L'association se positionne ainsi comme une force de coordination et d'harmonisation des actions des milliers d'organismes existants. « Le Secours catholique n'est pas une oeuvre de plus, il veut simplement se mettre au service des charités », souligne son fondateur l'abbé Jean Rodhain.

« Le mot "charité" n'était pas utilisé dans le sens un peu péjoratif qu'on peut lui prêter aujourd'hui, précise Luc Dubrulle. On parlait d'une "charité inventive". »

Dans une tribune publiée quelques années plus tard dans La Croix (édition du 20 novembre 1960), le fondateur du Secours Catholique sera assez explicite à ce sujet :

« Un bal de charité, un thé de charité ont été peut-être, en 1880, des aspects d'une activité secourable. En 1960, ce n'est pas de la charité, c'est de la pure mondanité, et pas autre chose (...) La Charité véritable ne distribue pas des moissons toutes faites ou des gâteaux tous cuits. Plutôt que de distribuer cent pommes, elle préfère planter un pommier. Elle enseigne à planter, à bâtir, à instituer. Elle soigne l'affamé de 1960, mais lui apprend à cultiver pour qu'il sache récolter en 1970 (...) Enseigner la Charité aujourd'hui au gamin de 10 ans, c'est déjà illuminer l'an 2 000 et préparer la justice sociale de l'âge atomique. »

Une force de mobilisation

Le Secours Catholique se conçoit aussi rapidement comme une force d'information, de sensibilisation à la charité, au partage fraternel, et de mobilisation, à travers des campagnes thématiques.

La première est annoncé à Noël 1946, prévue pour la période de carême 1947. Elle porte sur les malades (photo). « Plus d'un million de français - dont 400 000 tuberculeux - souffrent des conséquences de cinq années de privations, de captivité, de déportation », justifie l'association.

Elle sera suivie en 1948 de la Campagne des berceaux, le berceau symbolisant plus largement l'enfance.

« Les naissances sont nombreuses à cette époque qualifiée plus tard de "baby-boom" : 200 000 naissances de plus par an qu'avant-guerre, écrit Luc Dubrulle dans son ouvrage. La mortalité infantile est de 67 pour mille, dont 42 à cause du froid et de la mauvaise nourriture (...) Un communiqué du Fonds international de secours à l'enfance annonce que, durant l'hiver 1947-1948, en Europe, six enfants sur sept auront faim. »

Précurseur

Dans l'immense chantier de l'immédiat après-guerre, les organisations caritatives pallient l'impossibilité pour l'État de faire face à l'ensemble des problèmes existants. Si elle existe de fait, cette complémentarité n'est pas pensée comme telle.

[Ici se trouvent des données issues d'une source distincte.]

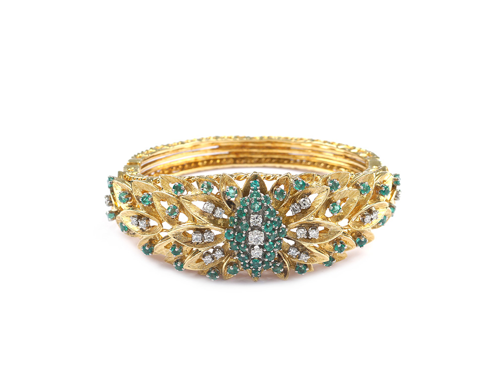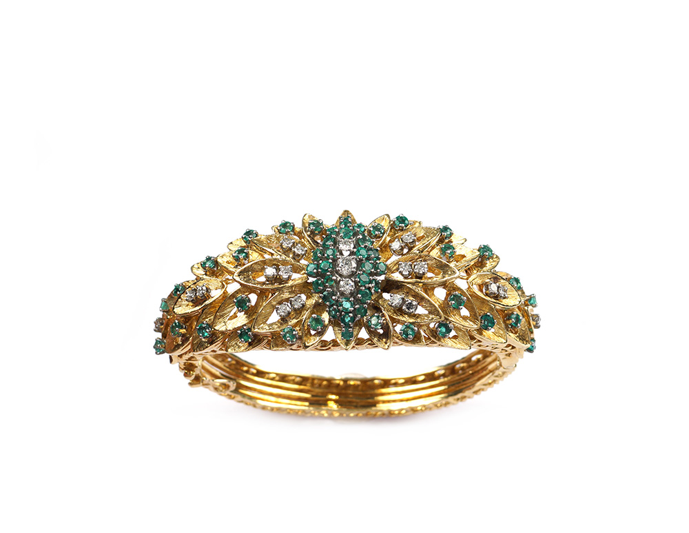 Bracciale a manetta in oro giallo 18kt anni 50/60 peso 58,3 gr. a motivo floreale con diamanti taglio brillante ct 0,80 circa e smeraldi tondi ct 1,30 circa, diametro cm. 6

« Il va y avoir des premiers ponts jetés avec le monde politique à l'occasion de la Campagne des vieillards de 1949, mais l'idée d'une articulation volontaire avec l'action de l'État viendra plus tard », explique Luc Dubrulle.

« Et puis, poursuit l'historien. Parler de complémentarité signifierait que les associations venaient compléter l'oeuvre de l'État, alors que le Secours Catholique se concevait à l'époque comme un précurseur de ce que l'État pourrait faire, mettant en place des prototypes. »

« Une oeuvre charitable peut prendre des initiatives qu'un gouvernement ne prend pas, expliquera Jean Rodhain, en 1971, lors d'une interview réalisée par une équipe du Jour du Seigneur. C'est plus léger, c'est plus spontané, c'est plus adapté... quitte à disparaître au bout de vingt ans, et que l'État reprenne ensuite ces organisations-là. C'est un rôle d'invention, un rôle d'imagination. L'État n'a jamais d'imagination, les structures sont toujours lourdes. Il faut des petites flammes, des petites flammèches qui courent devant. C'est le rôle de la charité. »

(1) Source : « Relever la France dans les après-guerres : reconstruction ou réaménagement ? », de Bernard Vayssière, Guerres mondiales et conflits contemporains, 2009.
(2) Source : Combattre la pauvreté, d'Axelle Brodiez-Dolino, CNRS Éditions, 2013.